> **GOAL OF THE EXERCISE**
Up to and including the line bearing "Unit Linked Accounts", output every line of the entries exactly as written, starting from the first; pictures stay out.

-=-=-

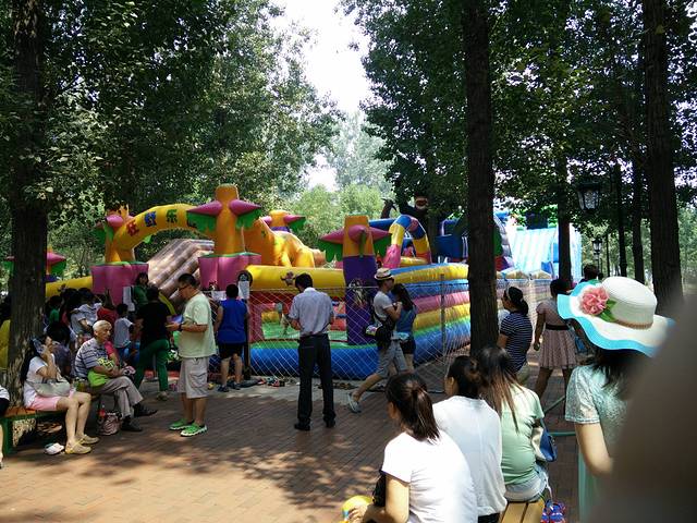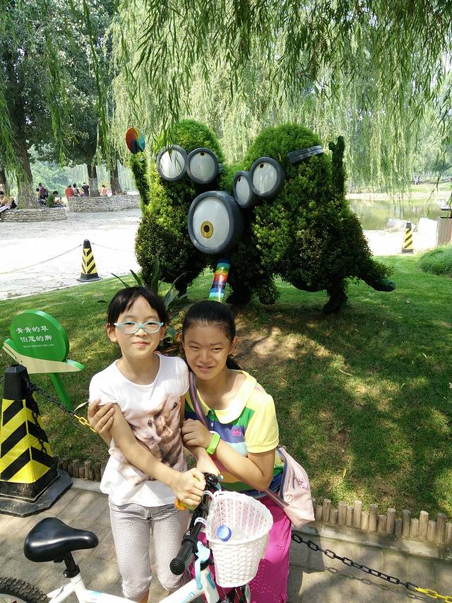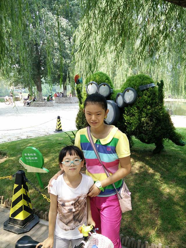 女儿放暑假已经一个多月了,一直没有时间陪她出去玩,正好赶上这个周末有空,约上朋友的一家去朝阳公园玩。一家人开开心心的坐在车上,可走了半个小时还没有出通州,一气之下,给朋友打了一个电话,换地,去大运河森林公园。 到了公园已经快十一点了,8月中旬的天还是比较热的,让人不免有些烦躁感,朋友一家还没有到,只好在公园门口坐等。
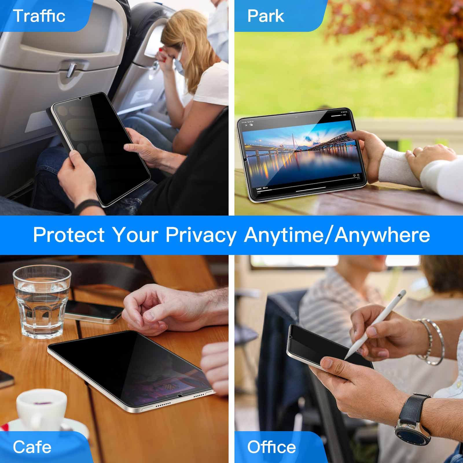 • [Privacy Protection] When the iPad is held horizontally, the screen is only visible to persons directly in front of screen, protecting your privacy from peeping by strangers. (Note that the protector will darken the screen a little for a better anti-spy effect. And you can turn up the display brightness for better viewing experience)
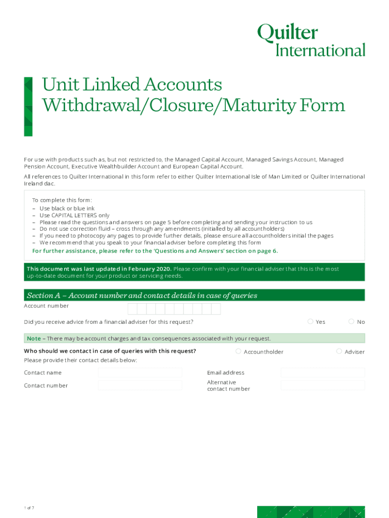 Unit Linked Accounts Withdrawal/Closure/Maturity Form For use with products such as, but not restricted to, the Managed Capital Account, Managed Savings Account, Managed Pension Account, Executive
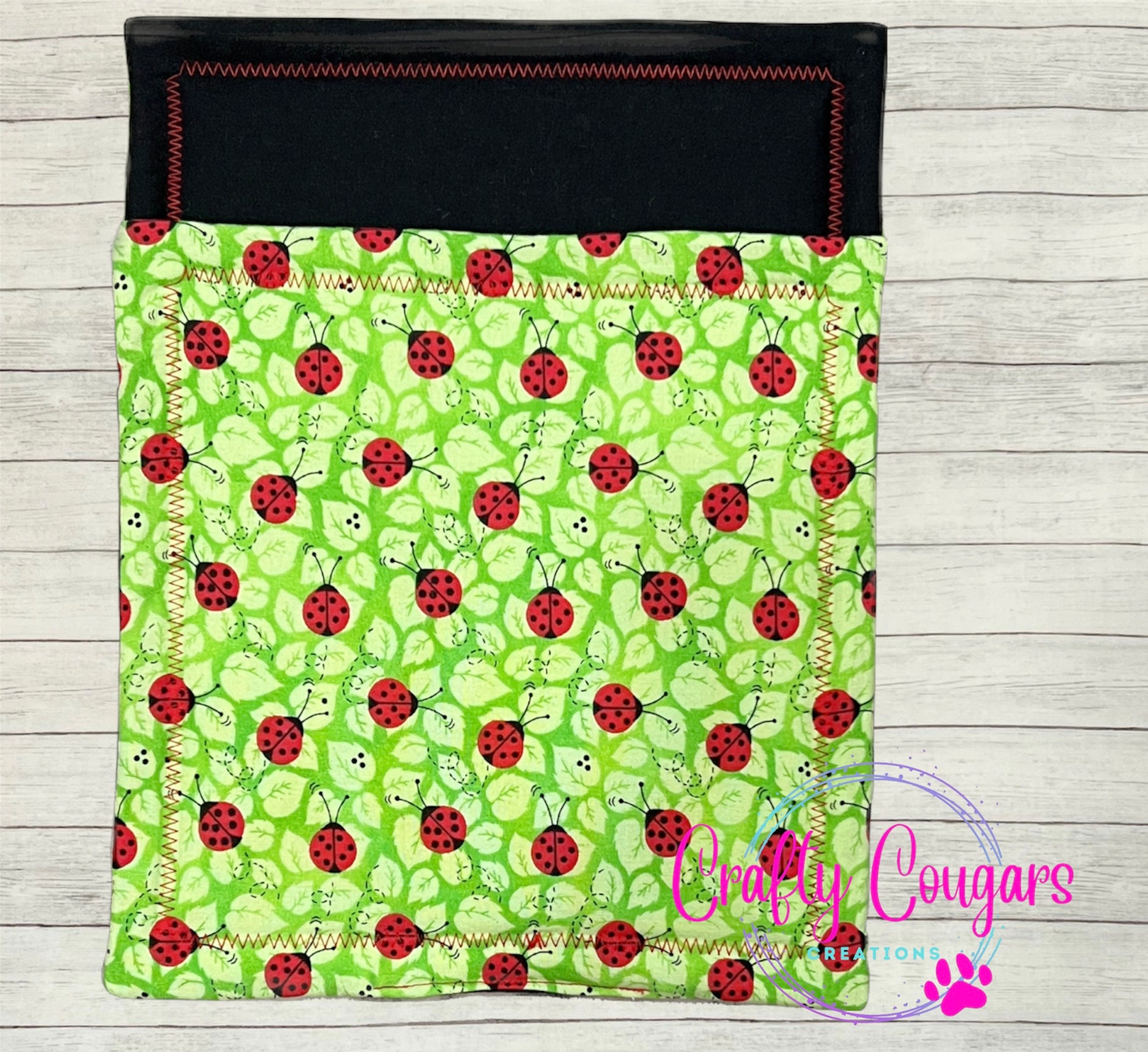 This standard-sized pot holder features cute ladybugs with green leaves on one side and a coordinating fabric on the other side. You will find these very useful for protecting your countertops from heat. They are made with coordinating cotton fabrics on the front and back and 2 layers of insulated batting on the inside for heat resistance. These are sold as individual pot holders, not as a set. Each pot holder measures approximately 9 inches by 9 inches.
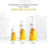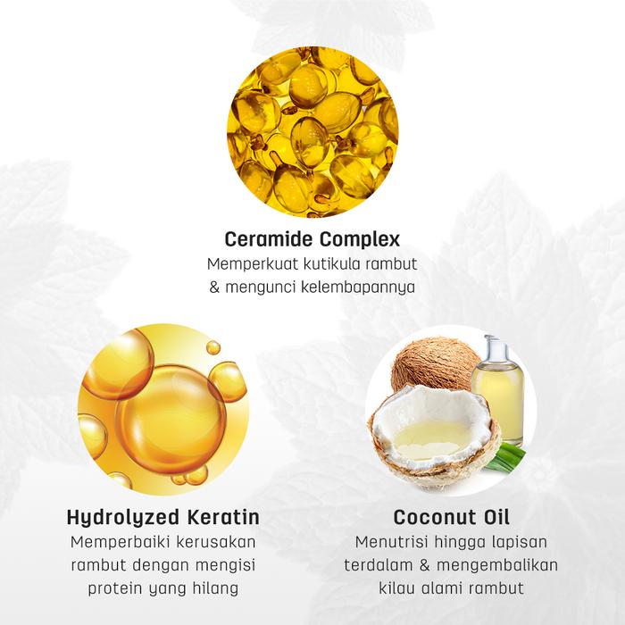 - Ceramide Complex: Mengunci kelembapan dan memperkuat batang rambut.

-=-=-

> **EXERCISE SOLUTION**
 女儿放暑假已经一个多月了,一直没有时间陪她出去玩,正好赶上这个周末有空,约上朋友的一家去朝阳公园玩。一家人开开心心的坐在车上,可走了半个小时还没有出通州,一气之下,给朋友打了一个电话,换地,去大运河森林公园。 到了公园已经快十一点了,8月中旬的天还是比较热的,让人不免有些烦躁感,朋友一家还没有到,只好在公园门口坐等。
 • [Privacy Protection] When the iPad is held horizontally, the screen is only visible to persons directly in front of screen, protecting your privacy from peeping by strangers. (Note that the protector will darken the screen a little for a better anti-spy effect. And you can turn up the display brightness for better viewing experience)
 Unit Linked Accounts Withdrawal/Closure/Maturity Form For use with products such as, but not restricted to, the Managed Capital Account, Managed Savings Account, Managed Pension Account, Executive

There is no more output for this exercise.